Что ж ты думаешь, они тебя не тронут, если что, испугаются, что ты барский сын? – Гришку вдруг облило страхом, словно кипятком. – Понятно, за зарезанного барчука им всем – розги, плети и Сибирь… рваные ноздри и кандалы до скончания веку. А только вгорячах про то редко думают…
Додумать Грегори не успел. Старик-татарин, видимо, подумав о том же самом, махнул рукой, тычком сдвинул тюбетейку на лоб и двинулся к своим – шёл вяло, спотыкаясь. И те тоже остыли, садились на телеги, убирая топоры и косы.
Напряжение отпустило, когда татары погнали коней, выворачивая телеги на дорогу. Враз ослабли ноги, на лбу выступила испарина, и Гришко внезапно ощутил, как шумно вокруг – гудели над травой осы, проносились над головой толстые и тяжёлые, словно пули, слепни, шелестел в березняке лёгкий ветерок.
Архип вдруг заковыристо выругался – татарские телеги описали по луговине большой круг, назло топча траву. Пригрозил кулаком, те в ответ обидно захохотали, проорали что-то вроде «Урус донгузлар!» и помчались рысью, настёгивая коней. Отлично понимали, что догнать их может только барчук на своём орловце, но один и без оружия он за восемью мужиками не погонится.

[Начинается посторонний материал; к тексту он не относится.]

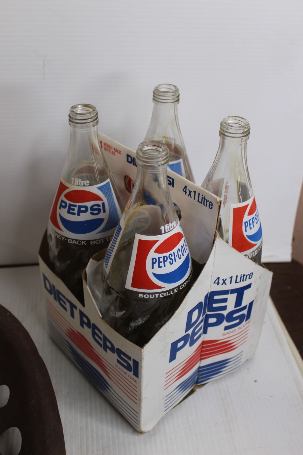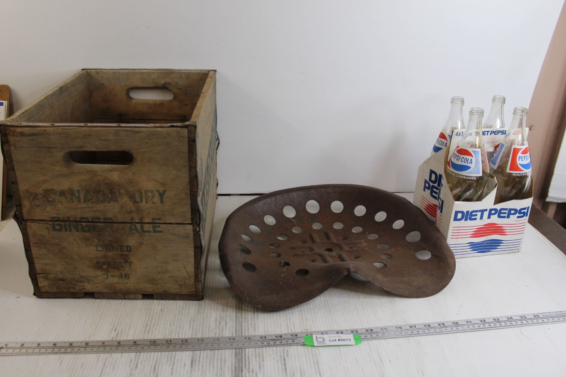 (4) 1L Diet Pepsi Glass Bottles, Canada Dry Wooden Box, Tractor Seat

Грегори обернулся к Плотниковым и вдруг встретился глазами с Маруськой, которую он сначала не заметил – она вышла из-за густой ракиты и стояла, глядя прямо на него. За три дня его вакаций они впервой виделись вот так, вблизи – всё время что-то мешало. И Гришка вдруг понял, что она за прошедший год стала ещё красивее, хоть и стояла сейчас в одной только длинной становине[3] распояской, босиком и в полотняном платке, завязанном надо лбом.
– Ну, спасибо, сударь, – с расстановкой сказал Архип севшим голосом. – Кабы не вы, невесть, чем бы и кончилось дело у нас тут.

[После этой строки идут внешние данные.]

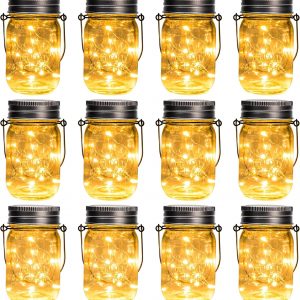 GIGALUMI Solar Mason Jar Lights, 12 Pack 30 Led String Fairy Lights Garden Lights Outdoor Waterproof Hanging Lanterns for Outdoor, Garden, Patio, Lawn, Balcony Decoration

Ну да. Ввосьмером татары, пожалуй, и решились бы на что-нибудь.
Грегори смолчал, не в силах оторвать взгляда от Маруськи.
Шурка рядом вдруг громко кашлянул, и Грегори вздрогнув, поворотился к нему. Оглядел по очереди всех Плотниковых, кивнул, и сказал неловко:
– А я вот тут… коня проминал… увидел их… ну и подошёл… – и проклиная себя за косноязычие – с крестьянами двух слов связать не можешь! – вдруг вспомнил виденный у кострища котелок. – Я там взвар у вас видел. Угостите глотком?
Архип молча зыркнул на Маруську, и она, чуть покраснев, отскочила к кострищу. Зачерпнула берестяным ковшиком из котелка, приподняв рядно. Питьё и впрямь было похоже на чай и цветом и вкусом.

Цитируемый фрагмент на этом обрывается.